Go through the following data and transcribe exactly the stretch of lines from the one holding "계획된 여행일정에 맞추어서" to the one holding "Fabricated during a", both included.

** DATA TO EXAMINE **
#####

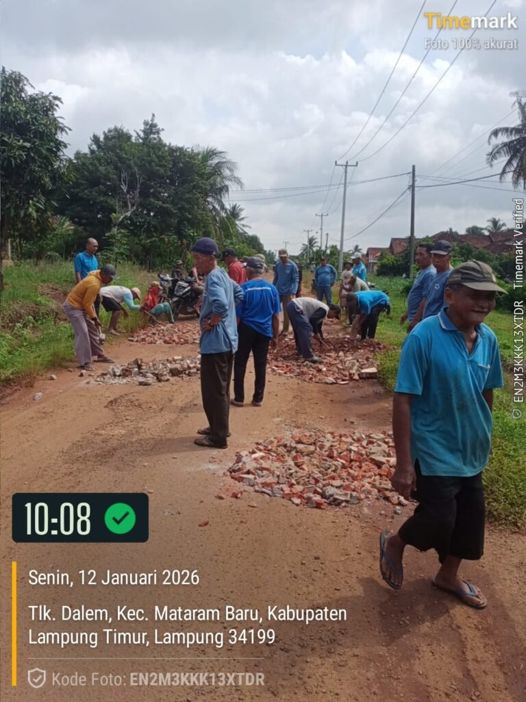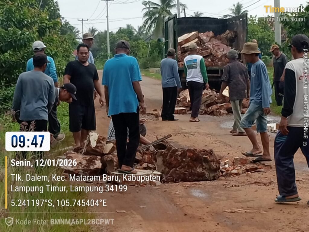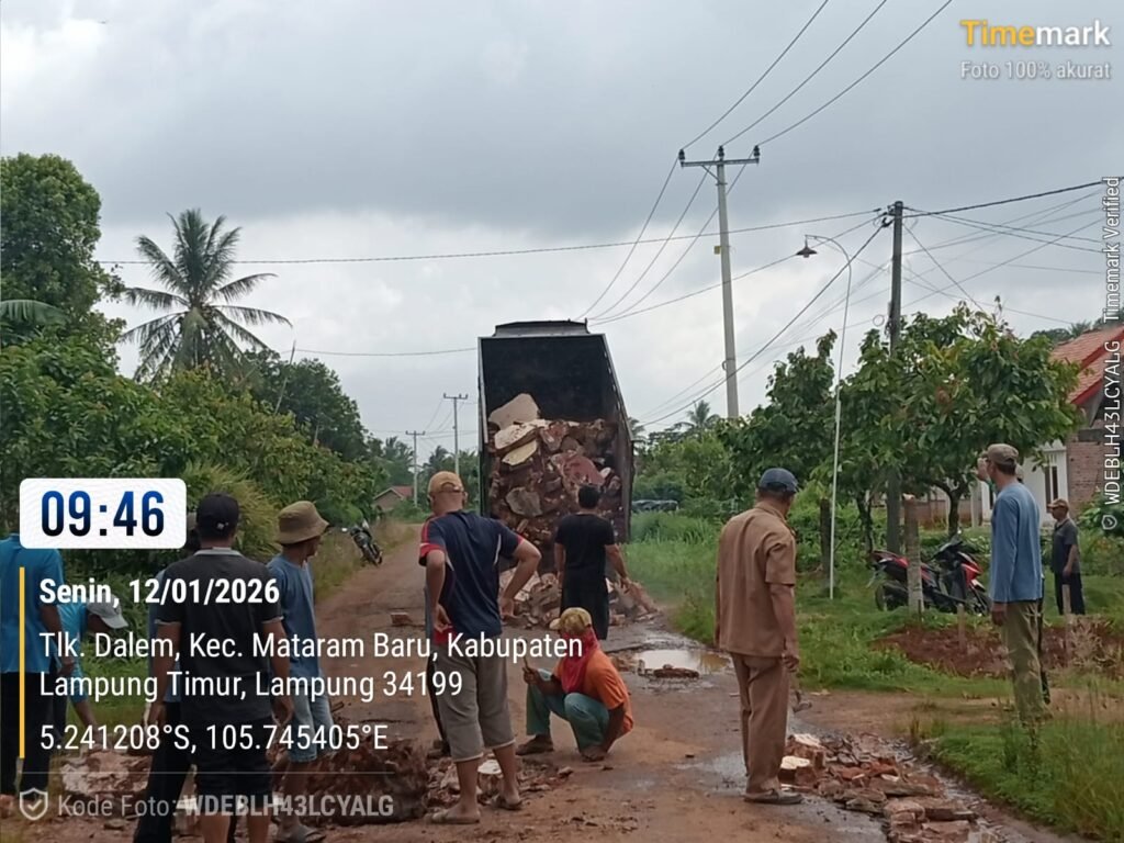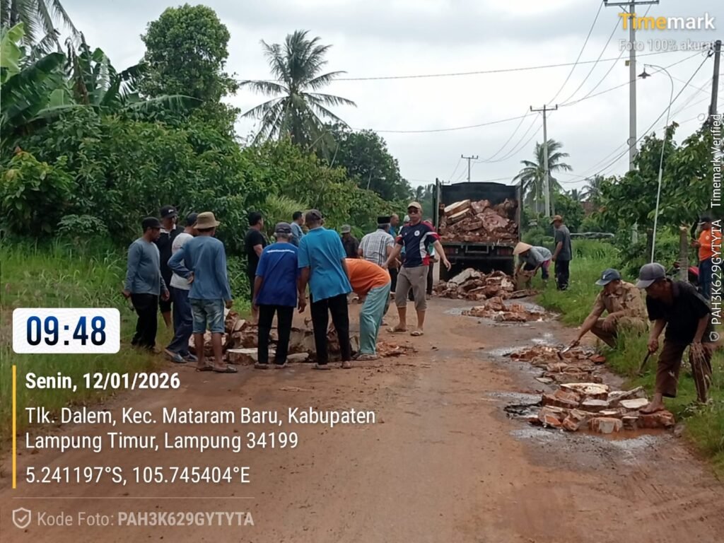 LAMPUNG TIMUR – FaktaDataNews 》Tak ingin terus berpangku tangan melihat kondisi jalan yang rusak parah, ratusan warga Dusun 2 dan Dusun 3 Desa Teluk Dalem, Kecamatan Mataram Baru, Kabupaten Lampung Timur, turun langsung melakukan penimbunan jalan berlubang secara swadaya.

#####

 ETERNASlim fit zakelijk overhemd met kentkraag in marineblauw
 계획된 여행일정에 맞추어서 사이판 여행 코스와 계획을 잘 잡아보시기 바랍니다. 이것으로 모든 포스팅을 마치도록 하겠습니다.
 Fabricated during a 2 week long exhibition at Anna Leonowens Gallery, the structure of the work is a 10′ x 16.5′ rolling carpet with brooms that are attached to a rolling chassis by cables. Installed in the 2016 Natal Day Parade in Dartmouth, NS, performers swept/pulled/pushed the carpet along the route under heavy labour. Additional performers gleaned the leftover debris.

#####

** TASK RESULT **
 계획된 여행일정에 맞추어서 사이판 여행 코스와 계획을 잘 잡아보시기 바랍니다. 이것으로 모든 포스팅을 마치도록 하겠습니다.
 Fabricated during a 2 week long exhibition at Anna Leonowens Gallery, the structure of the work is a 10′ x 16.5′ rolling carpet with brooms that are attached to a rolling chassis by cables. Installed in the 2016 Natal Day Parade in Dartmouth, NS, performers swept/pulled/pushed the carpet along the route under heavy labour. Additional performers gleaned the leftover debris.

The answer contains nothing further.